My Viking is supposed to have a #name and #age which it inherits from Person, and additionally a #weapon which Person doesn't have. A Viking obviously doesn't need any #occupation, and shouldn't have one.
# doesn't work
class Person
def initialize(name, age, occupation)
#name = name
#age = age
#occupation = occupation
end
end
class Viking < Person
def initialize(name, age, weapon)
super(name, age) # this seems to cause error
#weapon = weapon
end
end
eric = Viking.new("Eric", 24, 'broadsword')
# ArgError: wrong number of arguments (2 for 3)
You can make it work in the following ways, but neither solution appeals to me
class Person
def initialize(name, age, occupation = 'bug hunter')
#name = name
#age = age
#occupation = occupation
end
end
class Viking < Person
def initialize(name, age, weapon)
super(name, age)
#weapon = weapon
end
end
eric = Viking.new("Eric", 24, 'broadsword')
# Eric now has an additional #occupation var from superclass initialize
class Person
def initialize(name, age, occupation)
#name = name
#age = age
#occupation = occupation
end
end
class Viking < Person
def initialize(name, age, occupation, weapon)

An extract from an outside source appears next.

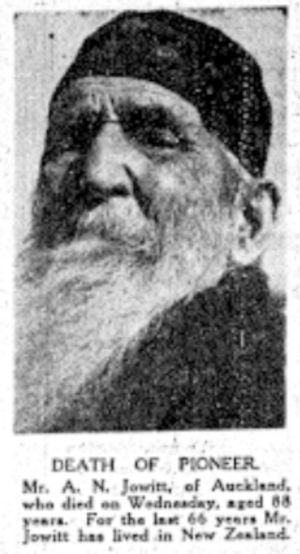 New Zealand Herald 4 April 1928 LATE MR. A. N. JOWITT. TRIBUTE IN PRESBYTERY, Striking tributes to the late Mr. A N. Jowitt were paid at the meeting of the Auckland Presbytery yesterday. Mr. T. McMillan, who moved that the Presbytery should express its sympathy with, the relatives, said Mr. Jowitt had been working in Otago for the Presbyterian Church before some of those who had grey hairs now were born. He was working there in 1861 or 1862, and he used to supply Sunday services in those • days when ministerial services were scant. When he came to Auckland he joined St. Stephen's Church, and then St. David's, of which he was for 41 years a member, for 39 years an elder, and for 24 years its session clerk. He visited prisoners at Mount Eden at appointed services for 25 years, without missing a service. Mr. Jowitt's note was always one of cheerfulness. He moved that the Presbytery convey to the family its sympathy in their loss, and its nigh appreciation of the work Mr. Jowitt had done for the Presbyterian Church throughout his long life. The motion was supported by Mr. J. L. Fairgrav, and carried,
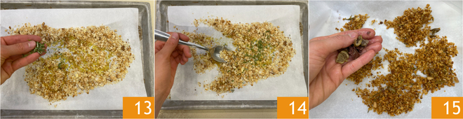 Nun widmen Sie sich den Semmelbröseln: Verteilen Sie sie auf einem mit Backpapier ausgelegten Backblech 10, dann würzen Sie mit Öl 11 und Salz 12.

super(name, age, occupation)
#weapon = weapon
end
end
eric = Viking.new("Eric", 24, 'pillager', 'broadsword')
# eric is now a pillager, but I don't want a Viking to have any #occupation
The question is either
is it by design and I want to commit some Cardinal Sin against OOP principles?
how do I get it to work the way I want to (preferably without any crazy complicated metaprogramming techniques etc)?
How super handles arguments
Regarding argument handling, the super keyword can behave in three ways:
When called with no arguments, super automatically passes any arguments received by the method from which it's called (at the subclass) to the corresponding method in the superclass.
class A
def some_method(*args)
puts "Received arguments: #{args}"
end
end
class B < A
def some_method(*args)
super
end
end
b = B.new
b.some_method("foo", "bar") # Output: Received arguments: ["foo", "bar"]
If called with empty parentheses (empty argument list), no arguments are passed to the corresponding method in the superclass, regardless of whether the method from which super was called (on the subclass) has received any arguments.
class A
def some_method(*args)
puts "Received arguments: #{args}"
end
end
class B < A
def some_method(*args)
super() # Notice the empty parentheses here
end
end
b = B.new
b.some_method("foo", "bar") # Output: Received arguments: [ ]
When called with an explicit argument list, it sends those arguments to the corresponding method in the superclass, regardless of whether the method from which super was called (on the subclass) has received any arguments.
class A
def some_method(*args)
puts "Received arguments: #{args}"
end
end
class B < A
def some_method(*args)
super("baz", "qux") # Notice that specific arguments were passed here
end
end
b = B.new
b.some_method("foo", "bar") # Output: Received arguments: ["baz", "qux"]
Yes, you are committing a Cardinal Sin (obviously, you are aware of it, since you are asking about it). :)
You are breaking Liskov substitution principle (and probably some other named or unnamed rules).
You should probably extract another class as a common superclass, which does not contain occupation. That will make everything much clearer and cleaner.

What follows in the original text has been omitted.